What you have to do: Print only the lines below, from the very first to the one containing "책임을 작은 프로젝트로", exactly as they stand. Do not print pictures.

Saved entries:
▽

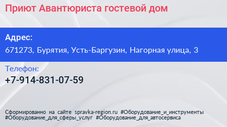 Приют Авантюриста, гостевой дом по адресу 671273, Бурятия, Усть-Баргузин, Нагорная улица, 3 в дальнейшем Организация, размещена в следующих категориях:
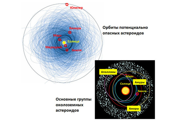 Орбиты известных потенциально опасных астероидов (голубой цвет) размером более 140 метров на расстоянии до 7,6 млн. км от Земли (2013) и подразделение их на группы в зависимости расположения орбит относительно Солнца.
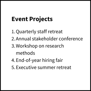 책임을 작은 프로젝트로 나누면 프로젝트 목록이 지속적으로 바뀌게 됩니다. 이러한 회전율은 프로젝트를 성공적으로 완료할 때마다 축하할 수 있는 정기적인 승리의 흐름을 만듭니다. “이벤트”의 광범위한 영역을 실행 중인 각 개별 이벤트로 세분화하면 얼마나 동기 부여되고 성취감을 느낄지 상상해 보세요.
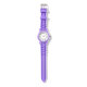 I only have one complaint. I ordered the watch with clear case and strap, and what was sent was white case and strap. I'm going to keep it because 1) it looks very nice in white, and 2) it would take too long to get a replacement made and sent in time for my occasion. Aside from the mix up with the color, the watch does look very good in white. The purple dial is actually sparkly which did not show in the online images. That was a nice surprise. If you like Swatch watches this is very similar to those. It's 33.6mm in diameter, 10.5mm thick, and 40.6mm lug to lug. Stainless steel case back says 3ATM/30m WR, so no swimming or showering or submerging this one. If you like Woodstock, this is a great choice.
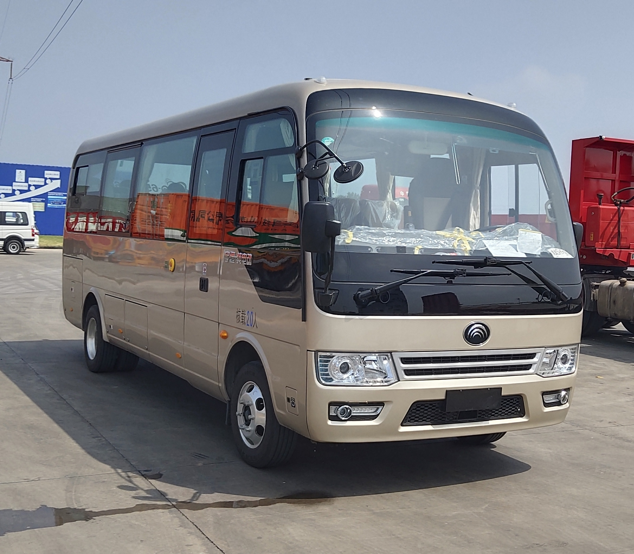| 备注 | 1.可取消空调,取消空调时空调调节方式仅有制暖一种;2.该车可选装顶置空调或内置空调,选装顶置空调时车高为3060mm,选装无空调或内置空调加装换气扇时车高为2945mm,选装无空调或内置空调无换气扇时车高为2895mm;3.高配时整备质量为6000kg,中高配时整备质量5800kg,中配时整备质量5600kg,低配时整备质量5400kg;4.可选装其它型式的侧窗结构;5.可选装外摆门、折叠门;6.该车装司机门;7.该车无地板下置贯通式行李舱,行李舱约束装置不适用;8.安全出口的组成为:3个应急窗、1个乘客门、1个安全顶窗;9.可选装不同型号胎压监测或报警装置,视频监控系统及卫星定位系统和应急锤;10.可选装其他型式前围造型. | ||||||||||
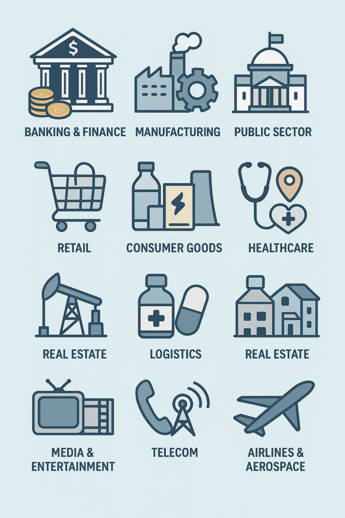 Industries we Serve Banking & FinanceManufacturingPublic SectorRetailConsumer GoodsEnergyHealthcare LogisticsReal EstatePharma & lifesciencesMedia & EntertainmentTelecomAutomotiveAirlines & Aerospace

△

Written reply:
 Приют Авантюриста, гостевой дом по адресу 671273, Бурятия, Усть-Баргузин, Нагорная улица, 3 в дальнейшем Организация, размещена в следующих категориях:
 Орбиты известных потенциально опасных астероидов (голубой цвет) размером более 140 метров на расстоянии до 7,6 млн. км от Земли (2013) и подразделение их на группы в зависимости расположения орбит относительно Солнца.
 책임을 작은 프로젝트로 나누면 프로젝트 목록이 지속적으로 바뀌게 됩니다. 이러한 회전율은 프로젝트를 성공적으로 완료할 때마다 축하할 수 있는 정기적인 승리의 흐름을 만듭니다. “이벤트”의 광범위한 영역을 실행 중인 각 개별 이벤트로 세분화하면 얼마나 동기 부여되고 성취감을 느낄지 상상해 보세요.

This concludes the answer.